When you reach the line containing "Lego Disney 40600" in the entries below, start writing out each line exactly, and stop after the line containing "Associativity only helps".

| DATA RECORDS |

=====

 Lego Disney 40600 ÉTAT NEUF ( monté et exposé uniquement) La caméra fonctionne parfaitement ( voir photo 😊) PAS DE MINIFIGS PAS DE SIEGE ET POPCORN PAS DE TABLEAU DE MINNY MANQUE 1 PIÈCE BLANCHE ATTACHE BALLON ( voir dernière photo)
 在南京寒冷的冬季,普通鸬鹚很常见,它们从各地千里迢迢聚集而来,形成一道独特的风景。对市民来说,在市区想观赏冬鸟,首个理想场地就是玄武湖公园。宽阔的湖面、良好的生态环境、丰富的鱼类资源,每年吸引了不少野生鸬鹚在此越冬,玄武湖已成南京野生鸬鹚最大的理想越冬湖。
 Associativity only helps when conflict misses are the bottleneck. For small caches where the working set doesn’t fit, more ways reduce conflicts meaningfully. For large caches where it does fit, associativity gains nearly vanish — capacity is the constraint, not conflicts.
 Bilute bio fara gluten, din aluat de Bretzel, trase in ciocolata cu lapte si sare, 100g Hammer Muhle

=====

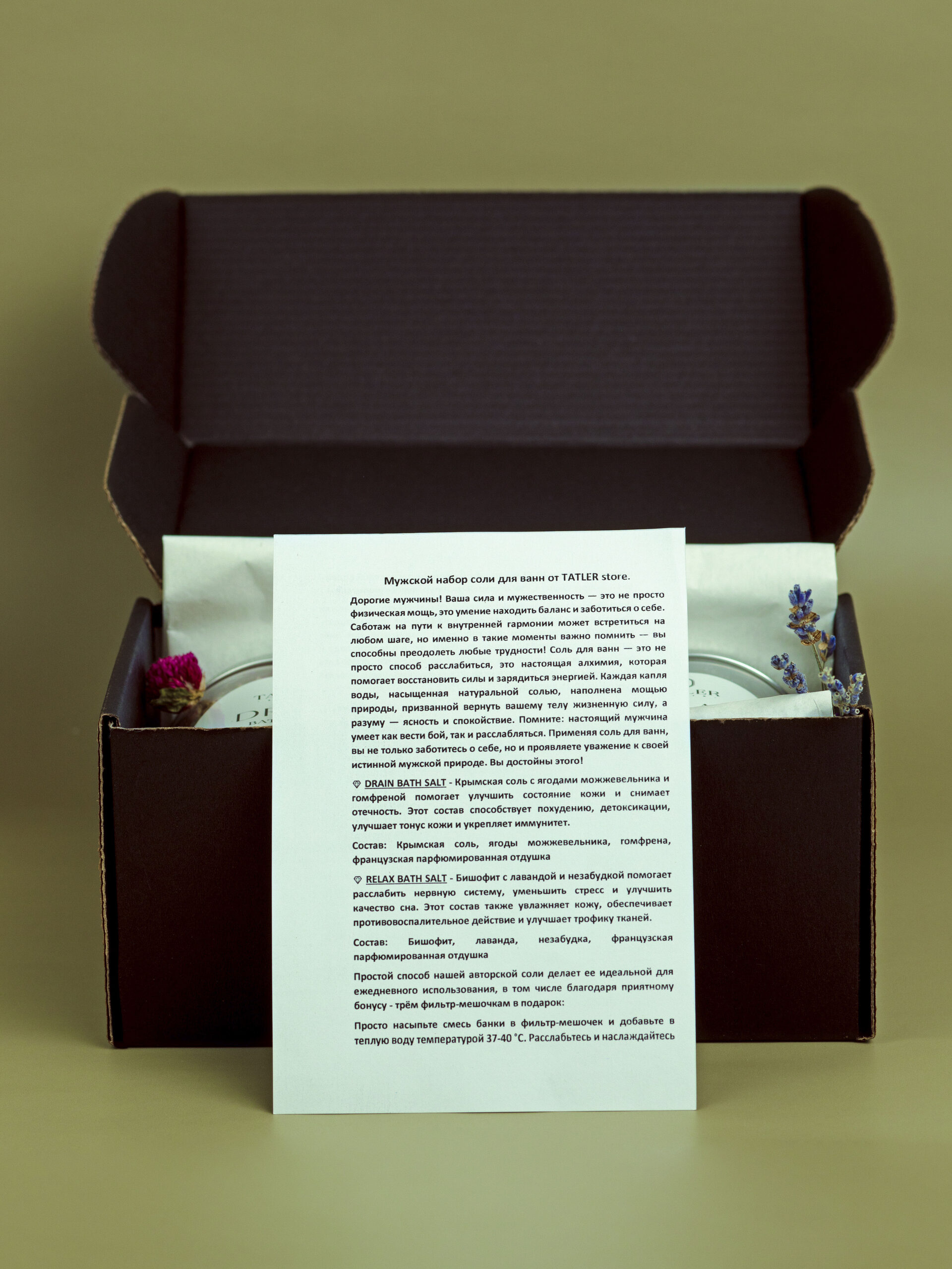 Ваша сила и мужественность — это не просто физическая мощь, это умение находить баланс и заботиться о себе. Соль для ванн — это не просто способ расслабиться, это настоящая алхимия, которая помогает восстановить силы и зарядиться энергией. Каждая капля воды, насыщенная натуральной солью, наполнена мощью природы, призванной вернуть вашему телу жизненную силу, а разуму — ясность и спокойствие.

=====

| ANSWER SPACE |
 Lego Disney 40600 ÉTAT NEUF ( monté et exposé uniquement) La caméra fonctionne parfaitement ( voir photo 😊) PAS DE MINIFIGS PAS DE SIEGE ET POPCORN PAS DE TABLEAU DE MINNY MANQUE 1 PIÈCE BLANCHE ATTACHE BALLON ( voir dernière photo)
 在南京寒冷的冬季,普通鸬鹚很常见,它们从各地千里迢迢聚集而来,形成一道独特的风景。对市民来说,在市区想观赏冬鸟,首个理想场地就是玄武湖公园。宽阔的湖面、良好的生态环境、丰富的鱼类资源,每年吸引了不少野生鸬鹚在此越冬,玄武湖已成南京野生鸬鹚最大的理想越冬湖。
 Associativity only helps when conflict misses are the bottleneck. For small caches where the working set doesn’t fit, more ways reduce conflicts meaningfully. For large caches where it does fit, associativity gains nearly vanish — capacity is the constraint, not conflicts.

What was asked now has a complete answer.